This script creates a highly curated and organized taxonomy, a heirarchical tree-of-life for use in any community base 'omics
This is #1 of a series of pipelines that create-curate the Universal Multi-omics Reference and Alignment Database
1. Universal Taxonomy Database: this repository
2. Universal Compounds Database: found here
3. Universal Reactions Database: found here
4. Universal Protein Alignment Database: found here
5. Universal ncRNA Alignment Database: found here
The current state of taxonomy of life is deeply broken, creating a tangled and useless "tree" say if you were trying to graph out what organisms you have in your metagenome. This script fixes the extensive taxonomic errors (detailed:https://academic.oup.com/database/article/doi/10.1093/database/baaa062/5881509) in the phylogenies of all named organisms, creating a table of computer-readable phylogenetic lineages with their public database numeric identifiers.
- Enforce adherence naming standards for all entries
- Reduce excessive, not based in reality, taxonomic ranks to 8 primary taxonomic ranks:kingdom, phylum, class, order, family, genus, species, strain
- Create conventions for strains, metagenomes and all non-cellular organisms
- Modify synonymous names or other inconsistencies to ensure a heirarchical-tree-of-life
In case the link breaks replace this link (https://ftp.ncbi.nih.gov/pub/taxonomy/new_taxdump/) with the new taxdump URL in the perl script: MakeTaxonomyDB1of3.pl
Sorry, but IMG is a crappy "walled garden", too hard for them to make an ftp site
- You are going to have to get an ER login
- log in and go to: https://img.jgi.doe.gov/cgi-bin/mer/main.cgi
- set your preferences to maximize your genome lists and save columns
- Click on the following categories: archaea, bacteria, plasmids, viruses, eukaryotes, and metagenomes -- you want to use "ALL" not just JGI genomes
- since bacteria are so many, paste the follow link: https://img.jgi.doe.gov/cgi-bin/mer/main.cgi?section=TaxonList&page=taxonListAlpha&domain=Bacteria
- make sure the following columns are selected (checkboxes at bottom)

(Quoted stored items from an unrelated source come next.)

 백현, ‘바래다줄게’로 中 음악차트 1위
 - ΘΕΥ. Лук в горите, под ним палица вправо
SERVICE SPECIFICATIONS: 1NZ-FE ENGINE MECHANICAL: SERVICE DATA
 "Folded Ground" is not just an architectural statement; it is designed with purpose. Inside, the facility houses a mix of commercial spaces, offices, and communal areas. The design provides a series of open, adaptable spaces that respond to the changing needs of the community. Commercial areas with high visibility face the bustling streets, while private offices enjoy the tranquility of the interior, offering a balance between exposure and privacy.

- "taxon_oid" "NCBI Taxon ID" "Domain" "Phylum" "Class" "Order" "Family" "Genus" "Species" "Strain" "Genome Name / Sample Name"
- select all and hit the export button
- open in Excel and order the columns exactly as shown above, delete any other columns
- save as "All_IMG_Genomes.txt" and transfer to wherever you are updating the taxonomy
Get the structural categories from the International Committee on Taxonomy of Viruses
- Go to: https://talk.ictvonline.org/files/master-species-lists/m/msl/
- Download and open in excel, save the 3rd tab - master species list - as a tab delimited text file "ICTV.txt"
- put with the rest of the input files
- *NOTE!: ICTV has already changed their column order once. Make sure the $type/$stuff[16] in the script is outputting the virus type: DNA/RNA positive/negative.
- ** If there is a problem: The first column in perl is 0, not 1, so start counting from 0 to the column with the DNA/RNA (right now it is 16, hence $stuff[16]) then change $stuff[16] to whatever the correct column is.
Manually getting the IMG files will take you longer than to actually run the scripts. As long as you have the 2 manual inputs with the 3 perl scripts, just run the 3 scripts. Takes like 10 minutes.
perl Create_Taxonomy_Database_1of3.pl
perl Create_Taxonomy_Database_2of3.pl
perl Create_Taxonomy_Database_3of3.pl
- inputs the ICTV, NCBI and JGI taxonomy data
- organizes it roughly into the 8 taxonomic ranks
- creates ranks for non-cellular organisms (microbiome, plasmids, viruses...)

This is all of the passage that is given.